--- Information shown Enclosed Below ---

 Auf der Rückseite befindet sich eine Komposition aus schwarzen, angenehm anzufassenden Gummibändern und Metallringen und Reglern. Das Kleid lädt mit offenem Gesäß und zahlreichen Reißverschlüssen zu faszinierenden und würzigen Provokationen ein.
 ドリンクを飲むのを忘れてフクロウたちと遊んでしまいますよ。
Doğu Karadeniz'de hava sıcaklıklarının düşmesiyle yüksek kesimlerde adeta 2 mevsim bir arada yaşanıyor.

--- End of Enclosed Information shown ---
--- Information shown Enclosed Below ---

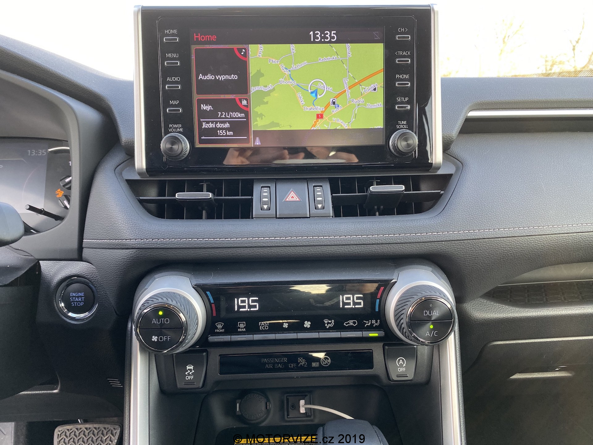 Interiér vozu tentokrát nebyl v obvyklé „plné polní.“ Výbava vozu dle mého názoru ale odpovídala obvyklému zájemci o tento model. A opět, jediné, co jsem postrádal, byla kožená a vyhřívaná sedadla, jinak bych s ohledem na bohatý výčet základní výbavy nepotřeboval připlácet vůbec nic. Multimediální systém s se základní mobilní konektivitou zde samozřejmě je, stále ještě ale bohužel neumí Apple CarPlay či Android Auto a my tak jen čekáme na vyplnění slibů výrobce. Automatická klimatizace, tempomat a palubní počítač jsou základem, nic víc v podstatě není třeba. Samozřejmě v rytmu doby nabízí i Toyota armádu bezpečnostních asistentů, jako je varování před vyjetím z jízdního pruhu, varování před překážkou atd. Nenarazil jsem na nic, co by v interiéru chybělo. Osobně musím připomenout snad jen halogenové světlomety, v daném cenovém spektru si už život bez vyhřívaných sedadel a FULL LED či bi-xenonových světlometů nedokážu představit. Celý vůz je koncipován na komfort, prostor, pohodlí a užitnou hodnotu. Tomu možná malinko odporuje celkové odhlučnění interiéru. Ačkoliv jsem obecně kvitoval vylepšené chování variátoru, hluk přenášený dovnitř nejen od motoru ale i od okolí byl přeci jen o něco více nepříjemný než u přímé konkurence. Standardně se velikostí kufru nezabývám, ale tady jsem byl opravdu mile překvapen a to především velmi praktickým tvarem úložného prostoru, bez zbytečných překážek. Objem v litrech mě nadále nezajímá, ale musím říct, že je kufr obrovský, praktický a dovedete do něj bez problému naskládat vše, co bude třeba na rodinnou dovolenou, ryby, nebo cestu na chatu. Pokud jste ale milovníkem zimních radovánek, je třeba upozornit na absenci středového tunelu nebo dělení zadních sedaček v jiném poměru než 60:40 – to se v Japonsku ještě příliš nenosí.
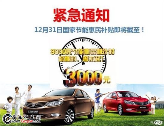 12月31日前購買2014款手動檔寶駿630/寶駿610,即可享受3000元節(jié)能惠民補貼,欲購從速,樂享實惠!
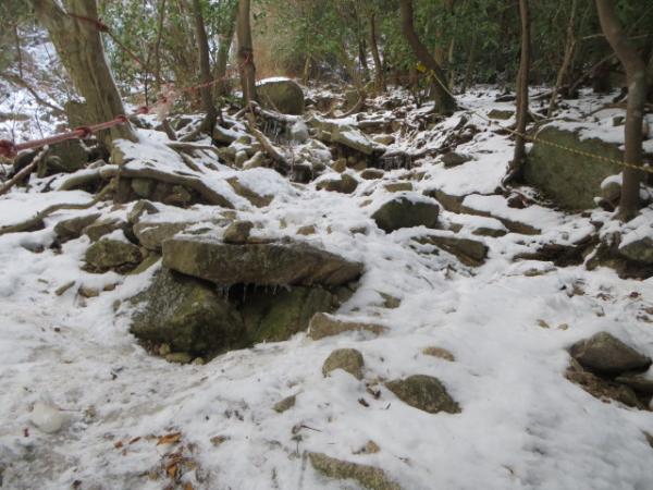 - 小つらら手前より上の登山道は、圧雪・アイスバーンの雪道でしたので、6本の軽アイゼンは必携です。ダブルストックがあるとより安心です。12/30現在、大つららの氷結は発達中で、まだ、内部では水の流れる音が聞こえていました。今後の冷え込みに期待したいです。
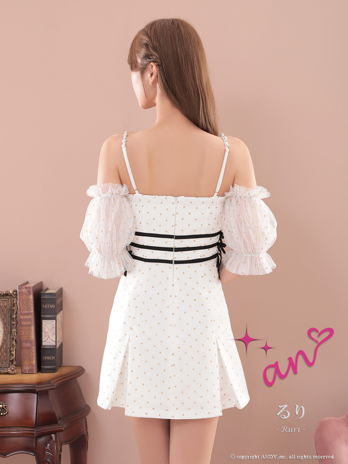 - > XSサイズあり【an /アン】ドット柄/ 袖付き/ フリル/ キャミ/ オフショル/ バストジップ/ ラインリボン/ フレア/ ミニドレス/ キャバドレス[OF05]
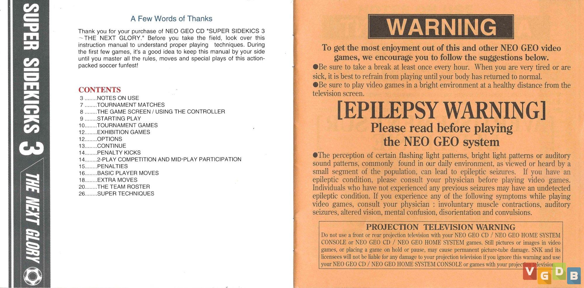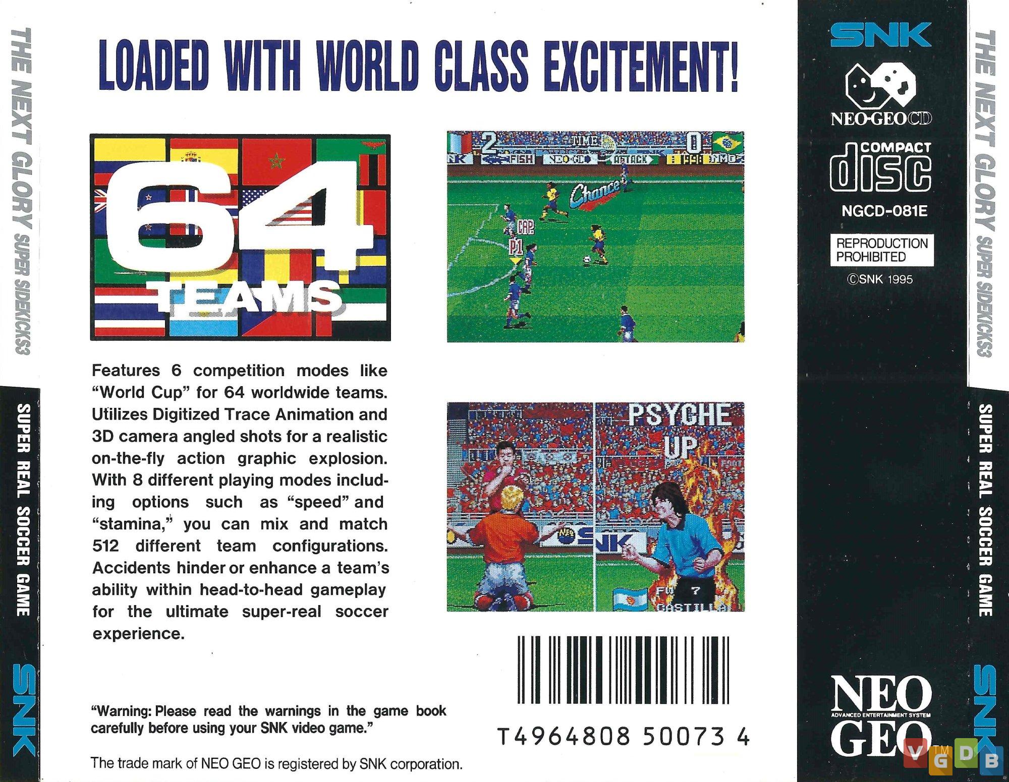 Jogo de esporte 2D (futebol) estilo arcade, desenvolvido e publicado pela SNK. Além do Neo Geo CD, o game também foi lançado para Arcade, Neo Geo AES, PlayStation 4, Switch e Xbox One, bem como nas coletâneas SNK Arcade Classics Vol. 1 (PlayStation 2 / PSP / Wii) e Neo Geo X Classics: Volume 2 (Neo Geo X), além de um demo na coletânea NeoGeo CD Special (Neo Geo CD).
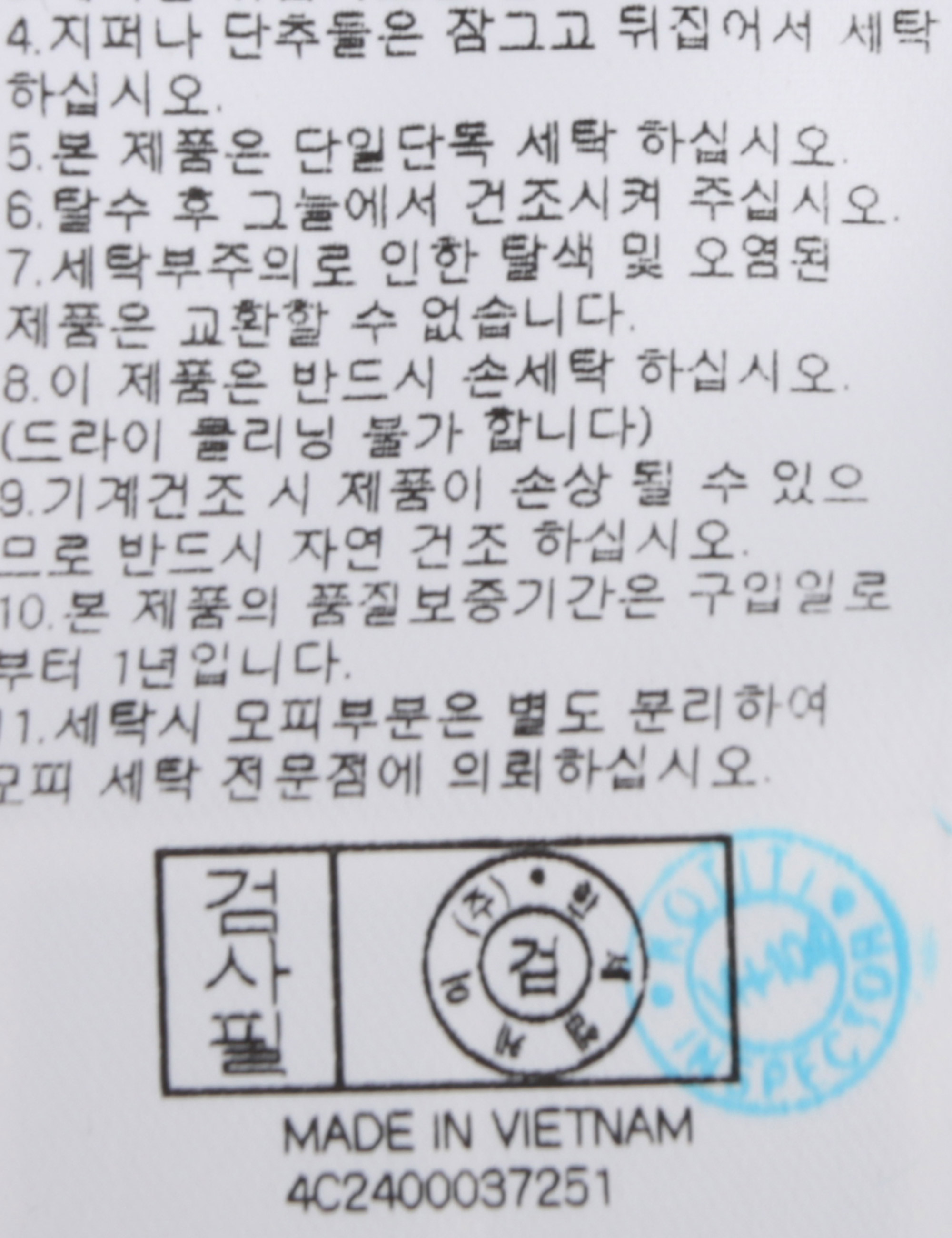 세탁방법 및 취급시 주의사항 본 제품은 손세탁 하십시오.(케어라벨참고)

--- End of Enclosed Information shown ---
--- Information shown Enclosed Below ---

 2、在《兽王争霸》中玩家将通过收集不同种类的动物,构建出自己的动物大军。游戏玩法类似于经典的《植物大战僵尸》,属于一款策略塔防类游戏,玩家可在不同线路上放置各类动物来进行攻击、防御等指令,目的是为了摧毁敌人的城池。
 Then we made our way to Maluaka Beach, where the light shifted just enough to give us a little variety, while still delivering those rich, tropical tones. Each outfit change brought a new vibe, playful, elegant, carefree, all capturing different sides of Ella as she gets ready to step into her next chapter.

--- End of Enclosed Information shown ---

▶ [Aim of the exercise]: Among the entries above, copy exactly the stretch from the line holding "- > XSサイズあり【an" through the line holding "세탁방법 및 취급시 주의사항 본 제품은 손세탁 하십시오.(케어라벨참고)", leaving out any pictures.

▶ [Task output]:
 - > XSサイズあり【an /アン】ドット柄/ 袖付き/ フリル/ キャミ/ オフショル/ バストジップ/ ラインリボン/ フレア/ ミニドレス/ キャバドレス[OF05]
 Jogo de esporte 2D (futebol) estilo arcade, desenvolvido e publicado pela SNK. Além do Neo Geo CD, o game também foi lançado para Arcade, Neo Geo AES, PlayStation 4, Switch e Xbox One, bem como nas coletâneas SNK Arcade Classics Vol. 1 (PlayStation 2 / PSP / Wii) e Neo Geo X Classics: Volume 2 (Neo Geo X), além de um demo na coletânea NeoGeo CD Special (Neo Geo CD).
 세탁방법 및 취급시 주의사항 본 제품은 손세탁 하십시오.(케어라벨참고)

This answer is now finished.